- _Problem statement_
Take the line with "Пользователи - список" as the first and the last line of the data as the end. Write out both and every line between exactly, except pictures.

======== Data in this exercise

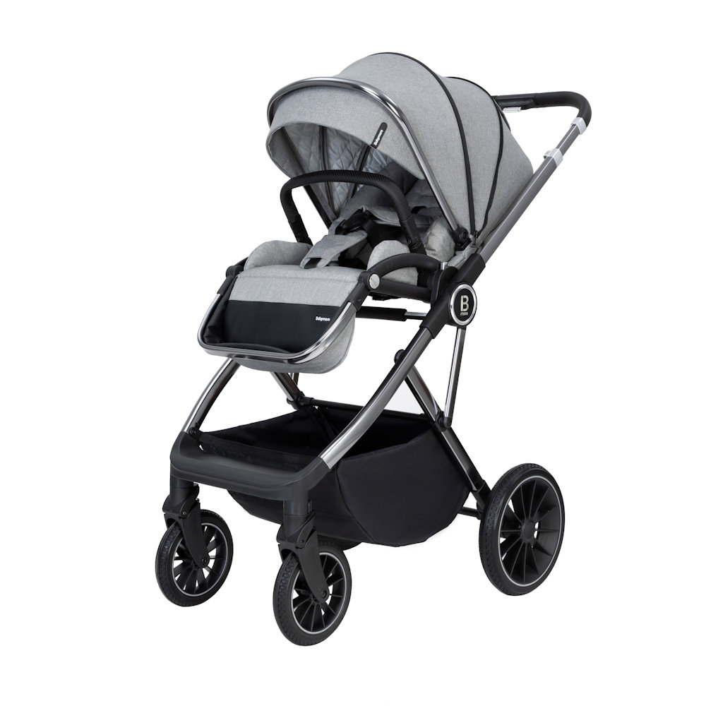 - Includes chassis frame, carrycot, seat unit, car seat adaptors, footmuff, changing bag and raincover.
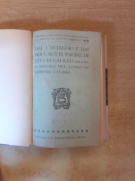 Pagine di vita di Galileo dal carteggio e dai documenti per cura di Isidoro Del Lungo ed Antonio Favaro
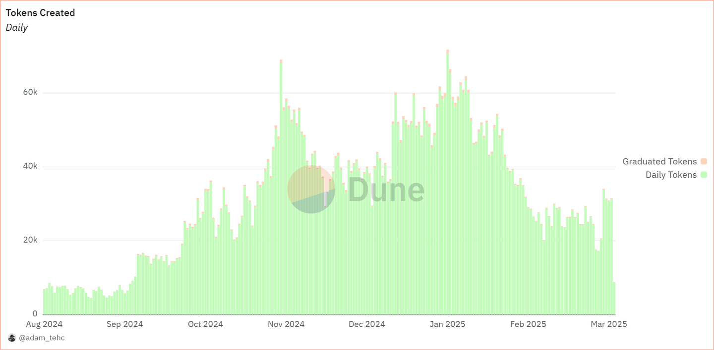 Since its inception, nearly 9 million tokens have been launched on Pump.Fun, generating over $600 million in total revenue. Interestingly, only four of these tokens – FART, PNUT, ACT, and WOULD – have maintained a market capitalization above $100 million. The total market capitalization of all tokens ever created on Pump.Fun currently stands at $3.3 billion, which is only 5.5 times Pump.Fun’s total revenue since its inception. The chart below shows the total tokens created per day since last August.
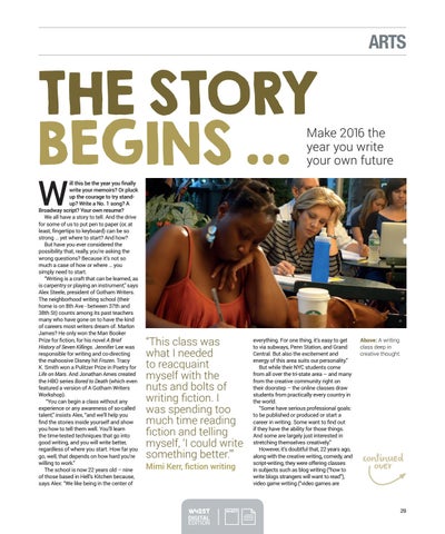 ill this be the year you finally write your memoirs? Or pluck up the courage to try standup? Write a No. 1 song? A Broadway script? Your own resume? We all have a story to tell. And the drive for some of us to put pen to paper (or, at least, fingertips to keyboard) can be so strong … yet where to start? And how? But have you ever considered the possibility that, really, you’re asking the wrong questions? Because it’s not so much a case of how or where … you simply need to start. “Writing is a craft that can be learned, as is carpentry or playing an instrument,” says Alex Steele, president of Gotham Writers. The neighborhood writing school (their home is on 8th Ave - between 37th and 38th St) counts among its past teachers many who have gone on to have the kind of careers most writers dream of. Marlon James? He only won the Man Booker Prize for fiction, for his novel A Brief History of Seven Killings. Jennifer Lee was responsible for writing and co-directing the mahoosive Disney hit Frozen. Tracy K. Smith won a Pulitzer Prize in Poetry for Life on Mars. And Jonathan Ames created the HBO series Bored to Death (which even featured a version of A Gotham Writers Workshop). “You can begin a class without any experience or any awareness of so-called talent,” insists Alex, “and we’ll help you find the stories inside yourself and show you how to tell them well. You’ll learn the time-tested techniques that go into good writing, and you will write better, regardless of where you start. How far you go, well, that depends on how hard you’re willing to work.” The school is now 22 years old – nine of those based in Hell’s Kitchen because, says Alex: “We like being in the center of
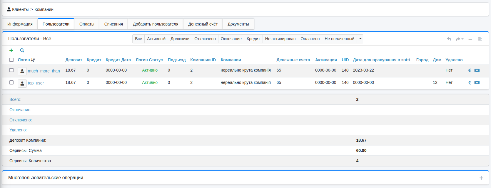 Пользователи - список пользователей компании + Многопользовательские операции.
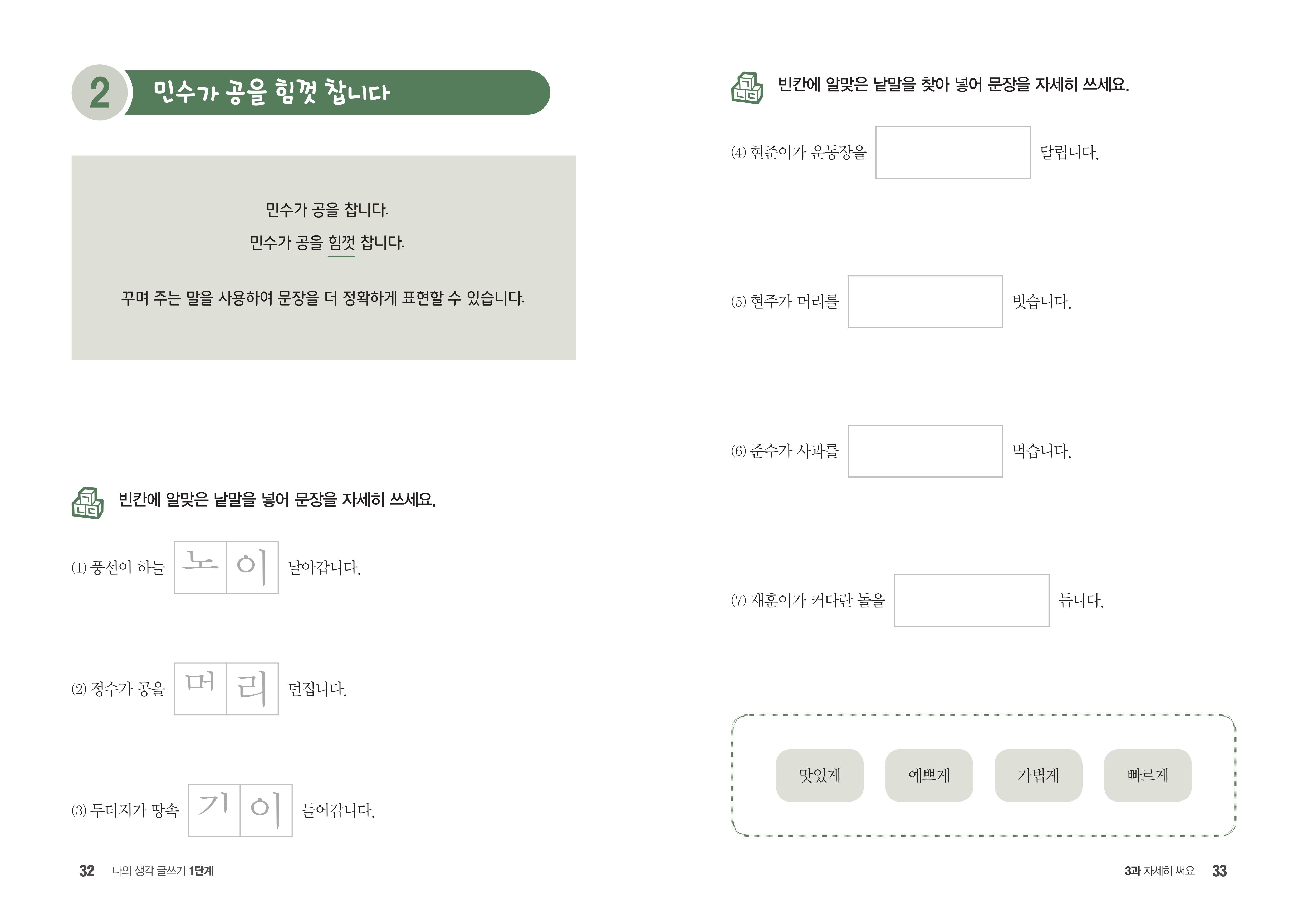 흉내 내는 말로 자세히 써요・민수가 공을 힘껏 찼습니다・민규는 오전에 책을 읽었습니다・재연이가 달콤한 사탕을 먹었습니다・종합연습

================

- _Written answer_
 Пользователи - список пользователей компании + Многопользовательские операции.
 흉내 내는 말로 자세히 써요・민수가 공을 힘껏 찼습니다・민규는 오전에 책을 읽었습니다・재연이가 달콤한 사탕을 먹었습니다・종합연습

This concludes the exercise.